We can know reality… but we cannot know the miracle… — Winston Man
Excerpt from AI: Winston Man’s quote: "We can know reality… but we cannot know the miracle…" is a deeply philosophical statement, expressing the contrast between what can be grasped with reason and what goes beyond human understanding.
Analysis:
“We can know reality…”
This part emphasizes that humans have the ability to perceive and understand the existing world — things that can be observed, measured, and verified. In other words, it refers to the realm of the physical world, the concrete, the observable.
This is the domain of science, logic, and experience. Reality is something that can be analyzed, explained, and described through language and thought.
“…but we cannot know the miracle…”
The second part opens up a different dimension — the “miracle.”
The term “miracle” here can be understood as things that are wondrous, transcendent, beyond the usual boundaries of logic. These are things that we feel but cannot fully explain: love, faith, the soul, life, beauty, or even the meaning of existence.
Philosophical meaning
The quote raises a limit to knowledge:
Understanding reality is something humans can do through reason. But there is a deeper layer — one of intuition, experience, and the sacred — that reason cannot reach. This thought echoes ideas in various philosophical traditions:
In Eastern philosophy: “The Dao that can be spoken is not the eternal Dao” (Laozi).
In Western philosophy: Kant referred to it as the “thing-in-itself” — something we can never fully know.
In religion: The miracle is something that humans can only experience, not prove or measure.
“Reality” — Reason, science, and limits
When Winston Man says, “We can know reality…”, he is referring to what humans can observe, analyze, and prove — things and phenomena that can be measured by our senses or tools. This is the world of science, of rational knowledge.
For example: we know that the Earth revolves around the Sun, we know that water boils at 100°C, we know that human cells contain DNA... Science not only describes reality but also controls it: building airplanes, curing diseases, constructing cities. But… even though we understand the structure of matter deeply, science cannot explain everything. It cannot fully answer questions like:
“Why do we exist?”
“What is the meaning of life?”
“What is love, and why do we love one person rather than another?”

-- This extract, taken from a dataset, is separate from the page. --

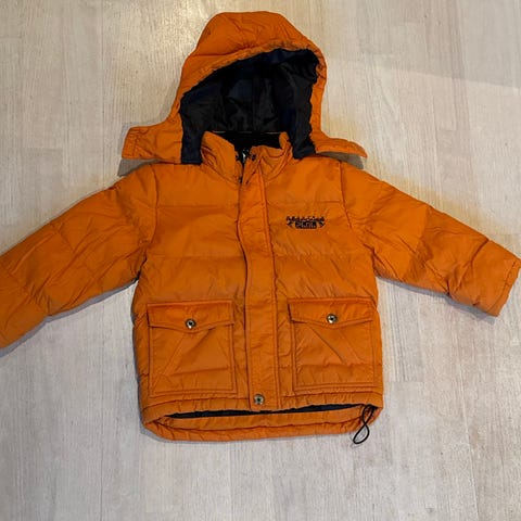 F399. str. 116 RETRO Anorakk m/hette og glidelåslomme (blå) Barn tex. Godt brukt, ingen skader, men hadde en gang en pelskrage, som har blitt borte. 100kr

“What is beauty, and why does music move us?” These things seem to belong to a deeper layer — the one Winston Man refers to as the “miracle.”
“Miracle” — Intuition, spirituality, art, and transcendence
The word “miracle” (mystery, the miraculous, the numinous) is used to describe things that cannot be explained by reason.
A miracle is not “irrational,” but “supra-rational” — beyond the reach of reason, but not in opposition to it.
Some specific examples:
In love: we can analyze hormones, psychology, and culture — but we still cannot fully explain why a glance or a touch can make our hearts tremble.
In art: a piece of music can make us cry not just because of harmonic techniques, but because it touches a profound, inexpressible emotional layer.
In meditation or spirituality: people speak of experiences of “awakening” or “oneness” with the universe — something that cannot be communicated, only directly experienced.
The limits of language and the impotence of knowledge
The quote also reveals an important truth:
There are things we cannot understand — we can only live, experience, and feel them. Language and reason are tools humans use to shape the world. But as poet T.S. Eliot once said:
“We had the experience but missed the meaning.”
This is very close to Eastern philosophy:
Laozi said: “The Dao that can be spoken is not the eternal Dao.” Zen Buddhism says: “Without establishing words, the teaching is transmitted beyond teaching” — truth cannot be conveyed by words, only directly realized.
Conclusion: The coexistence of two worlds
Winston Man’s quote does not dismiss science or reason, but places them in their proper place — as one half of the human experience.
The world needs science to exist, but it also needs the miracle to live with soul. Humans are not only creatures who think, but creatures who feel, dream, and contemplate. “Knowing reality” helps us live well. “Feeling the miracle” helps us live meaningfully.